§ **Your task**: Copy the records below exactly, starting at the line that contains "Doppelstabmatten schwer vorverzinkt" and ending at the line that contains "4278 | 4234 |"; leave out any pictures.

§ **Data records**:

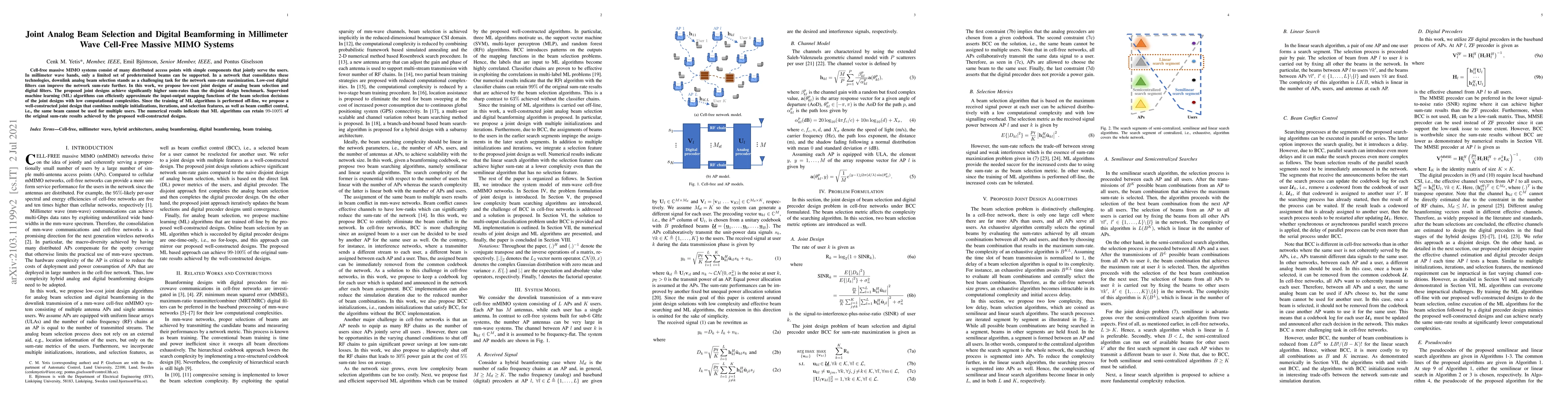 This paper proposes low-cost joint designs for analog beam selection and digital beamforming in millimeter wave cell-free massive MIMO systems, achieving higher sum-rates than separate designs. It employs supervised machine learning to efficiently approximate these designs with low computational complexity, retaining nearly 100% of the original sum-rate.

--

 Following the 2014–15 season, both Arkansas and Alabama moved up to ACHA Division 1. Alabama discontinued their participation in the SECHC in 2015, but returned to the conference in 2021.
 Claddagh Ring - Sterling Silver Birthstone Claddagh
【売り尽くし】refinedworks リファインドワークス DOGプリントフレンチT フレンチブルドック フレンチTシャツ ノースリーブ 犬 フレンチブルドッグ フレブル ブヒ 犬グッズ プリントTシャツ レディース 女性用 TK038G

...

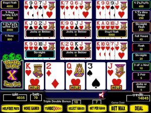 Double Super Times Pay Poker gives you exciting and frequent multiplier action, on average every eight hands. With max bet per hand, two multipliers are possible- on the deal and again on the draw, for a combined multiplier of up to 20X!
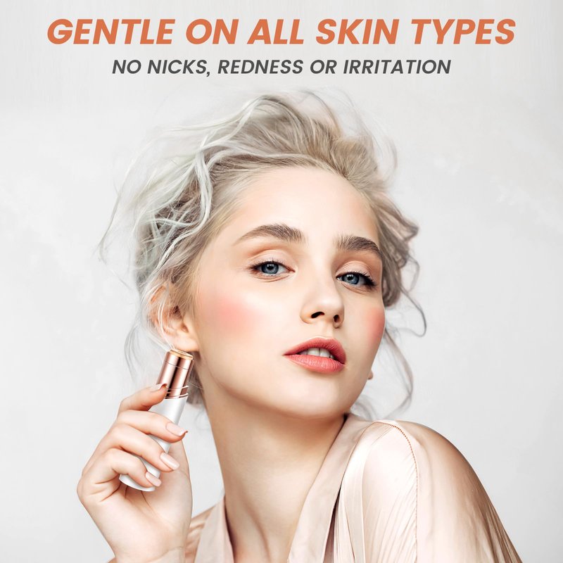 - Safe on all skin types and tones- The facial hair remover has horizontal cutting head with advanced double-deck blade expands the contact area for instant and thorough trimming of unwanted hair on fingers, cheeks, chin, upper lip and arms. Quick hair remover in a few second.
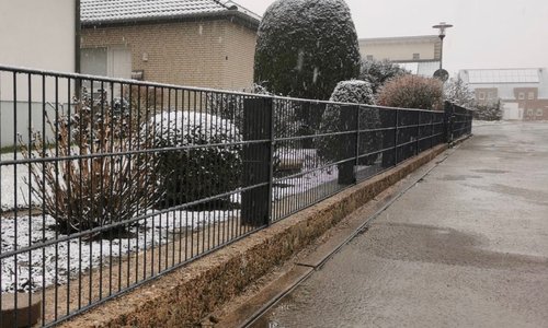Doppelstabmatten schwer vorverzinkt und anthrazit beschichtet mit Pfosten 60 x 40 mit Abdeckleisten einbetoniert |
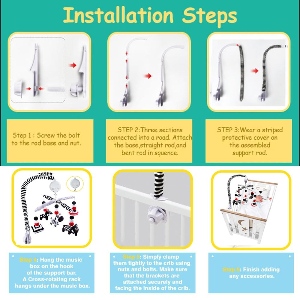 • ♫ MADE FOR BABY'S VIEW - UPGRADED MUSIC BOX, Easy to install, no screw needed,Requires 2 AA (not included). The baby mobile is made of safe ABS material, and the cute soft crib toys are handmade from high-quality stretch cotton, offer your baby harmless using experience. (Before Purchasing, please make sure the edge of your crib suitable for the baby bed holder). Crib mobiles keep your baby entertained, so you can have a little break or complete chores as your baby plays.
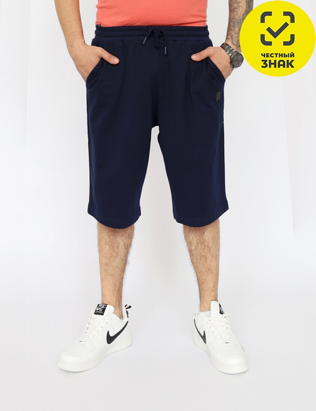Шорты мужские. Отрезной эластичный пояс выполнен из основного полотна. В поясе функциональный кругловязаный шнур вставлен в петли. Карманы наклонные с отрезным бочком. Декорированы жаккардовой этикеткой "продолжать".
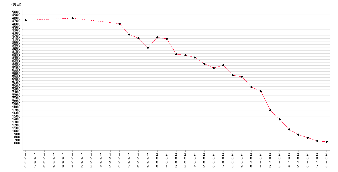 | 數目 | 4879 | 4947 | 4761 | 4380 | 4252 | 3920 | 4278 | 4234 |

§ **Worked solution**:
Doppelstabmatten schwer vorverzinkt und anthrazit beschichtet mit Pfosten 60 x 40 mit Abdeckleisten einbetoniert |
 • ♫ MADE FOR BABY'S VIEW - UPGRADED MUSIC BOX, Easy to install, no screw needed,Requires 2 AA (not included). The baby mobile is made of safe ABS material, and the cute soft crib toys are handmade from high-quality stretch cotton, offer your baby harmless using experience. (Before Purchasing, please make sure the edge of your crib suitable for the baby bed holder). Crib mobiles keep your baby entertained, so you can have a little break or complete chores as your baby plays.
Шорты мужские. Отрезной эластичный пояс выполнен из основного полотна. В поясе функциональный кругловязаный шнур вставлен в петли. Карманы наклонные с отрезным бочком. Декорированы жаккардовой этикеткой "продолжать".
 | 數目 | 4879 | 4947 | 4761 | 4380 | 4252 | 3920 | 4278 | 4234 |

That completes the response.